A preferred embodiment/ implementation, shown in Figure 3, requires no change to the client or destination server components. This implementation is suitable for client applications that have existing secure communication capabilities such as most Internet/ Web Browsers. The client application connects securely to the intermediary server and requests a connection to a destination server through this secure link. The intermediary server transforms the request into a normal Internet request and sends it to the destination server on a "stream" basis. Destination responses are transformed where necessary to force any external links and references to be via the intermediary server (using a general process based on the method described with reference to Figure 2). The transformed responses are also returned to the client on a stream basis.
Using a stream basis the client requests and destination responses are passed/ streamed through the intermediary server as they arrive. Advantageously, no extra client or destination server components or changes are required and no client or destination server speed penalties are seen.
Alternative implementations of the method are also envisaged. For instance, it is possible to pass the data through the intermediary server as a "batch" operation as opposed to on a "stream" basis. The intermediary server would wait to transfer certain whole portions of requests and responses instead of as they arrive. To speed up this process, the intermediary site may cache the transformed requests and responses. Also, multi-stage variations could be used where requests and responses are treated as whole or partial files rather than streams with tasks performed on a batched basis rather than a real-time basis which processes the data as it arrives.

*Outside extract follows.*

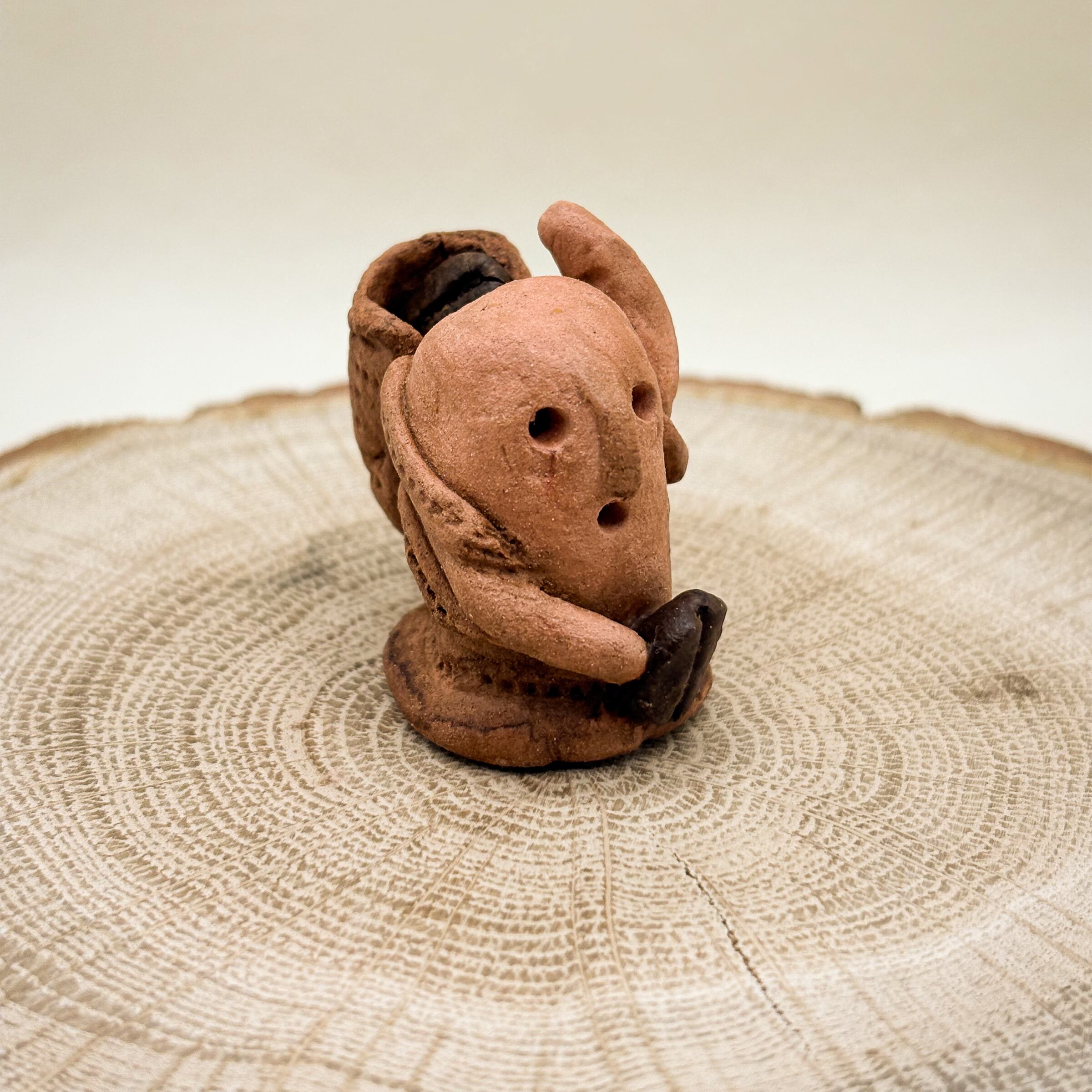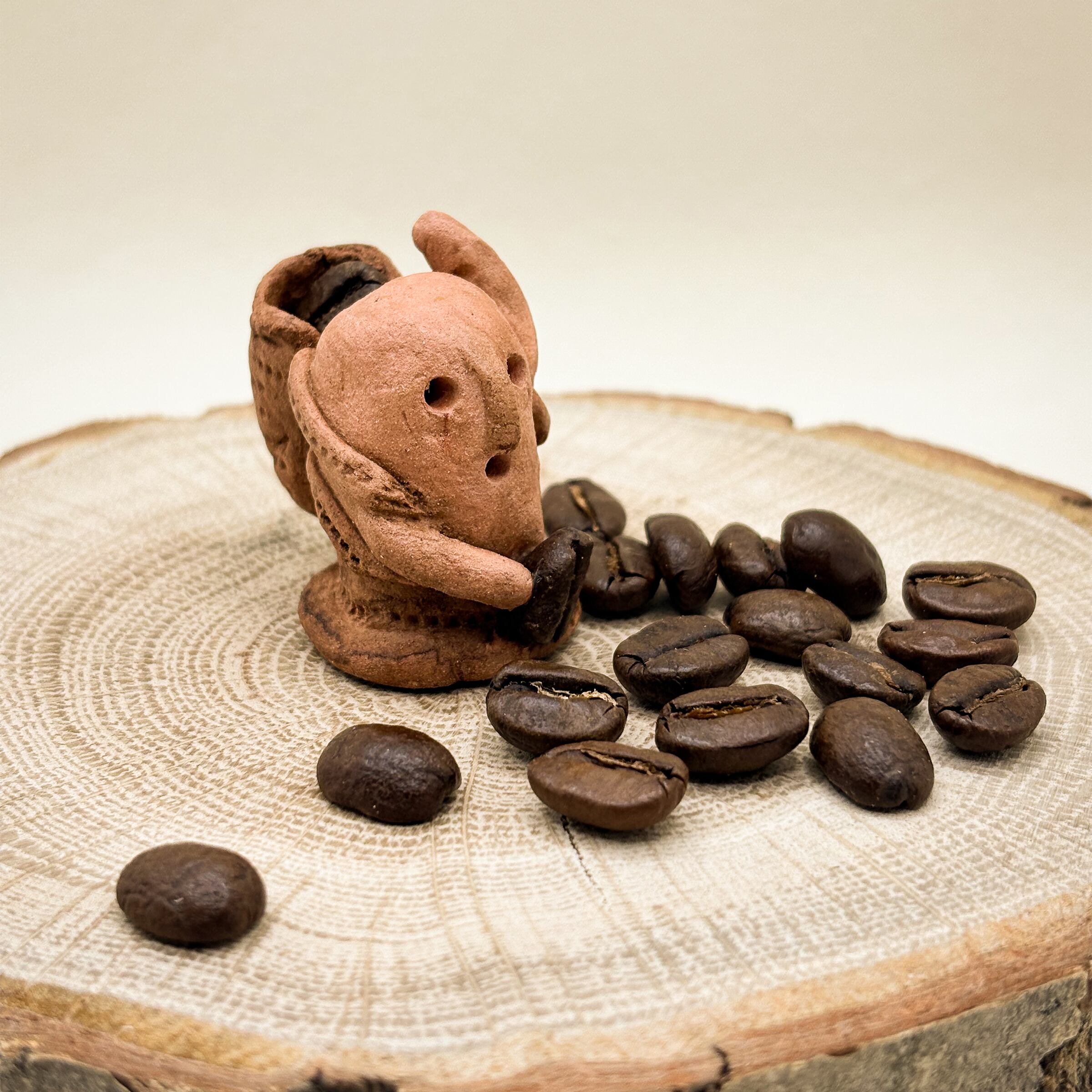 本物の焙煎豆を持った可愛い手乗りはにわです。

It is also possible to include additional components on the client or destination server machines. These components may be for the provision of secure communication capabilities and/or for performing part of the intermediary site procedures on the client or destination server machine. Narious optimisations such as compression and securing the intermediary to destination site connection can also be implemented in this manner. It is also possible to alter some client and destination components to remove the need for link and reference transformations. This includes setting the intermediary server as a web browser's Proxy Server. It is also possible to distribute the intermediary server process across several intermediary servers.
Those skilled in the art will appreciate that there are numerous potential implementations within the scope of the invention as described.